Question

The blood type O negative is called the "universal donor" type because it is the only blood type that may safely be transfused into any person. Therefore, when someone needs a transfusion in an emergency and their blood type cannot be determined, they are given type O negative blood. For this reason, donors with this blood type are crucial to blood banks. Unfortunately, this blood type is fairly rare; according to the Red Cross, only 7 percentage of U.S. residents have type O negative blood. Assume that a blood bank has recruited 20 unrelated donors. (State calculator entry and give 4 decimal places) What is the probability that fewer than three of them will have type O negative blood? What is the probability that more than 4 of them have type O negative blood?
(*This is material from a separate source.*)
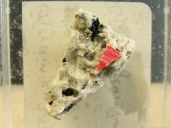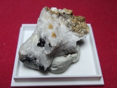 A good thumbnail of white layered calciocatapleiite (a calcium zirconium silicate) with reddish-purple zircon and black aegirine from Norra Karr, Granna, Jonkoping, Smaland, Sweden. It's the calcium analog of catapleiite. Thanks to Kristen Burgess' auction on eBay for the specimen! |

Find the probability that none of the donors had type O negative blood. Would this be unusual? Explain. What is the mean of the number of donors who have type O negative blood for a group this size? What is the standard deviation of the number of donors who have type O negative blood for a group this size?

Answer 1

Answer:

Probability that fewer than three of them will have type O negative blood: P(x<3)=0.6047

Probability that more than 4 of them have type O negative blood: P(x>4)=0.0472

Probability that none of the donors had type O negative blood: P(x=0)=0.2342

Mean of the number of donors who have type O negative blood for a group this size: E=1

Standard deviation of the number of donors who have type O negative blood for a group this size: SD=2

Step-by-step explanation:

These experiments behave as binomial distribution:

P(x)=$\frac{n!}{x!(n-x)!}. p^x.(1-p)^{n-x}$

where:

x: donors have type O negative blood

p: success outcome (0.07)

n: unrelated donors (20)

Fewer than three donors will have type O negative blood:

P(x<3)=P(x=0)+P(x=1)+P(x=2)=$\frac{20!}{0!(20-0)!}. (0.07)^0.(1-0.07)^{20-0}$+$\frac{20!}{1!(20-1)!}. (0.07)^1.(1-0.07)^{20-1}$+$\frac{20!}{2!(20-2)!}. (0.07)^2.(1-0.07)^{20-2}}$

P(x<3)=0.2342+0.3526+0.2521=0.8389

More than 4 of donors have type O negative blood:

P(x>4)=1-P(x<4)= 1 - P(x=0) - P(x=1) - P(x=2) - P(x=3)= 1 - 0.2342 - 0.3526 - 0.2521 - 0.1139=0.0472

None of the donors had type O negative blood:

P(x=0)=$\frac{20!}{0!(20-0)!}. (0.07)^0.(1-0.07)^{20-0}$=0.2342

Mean of the number of donors who have type O negative blood:

E=n×p=20×0.07=1.4≅1

The mean number of donors that have type O negative blood is 1.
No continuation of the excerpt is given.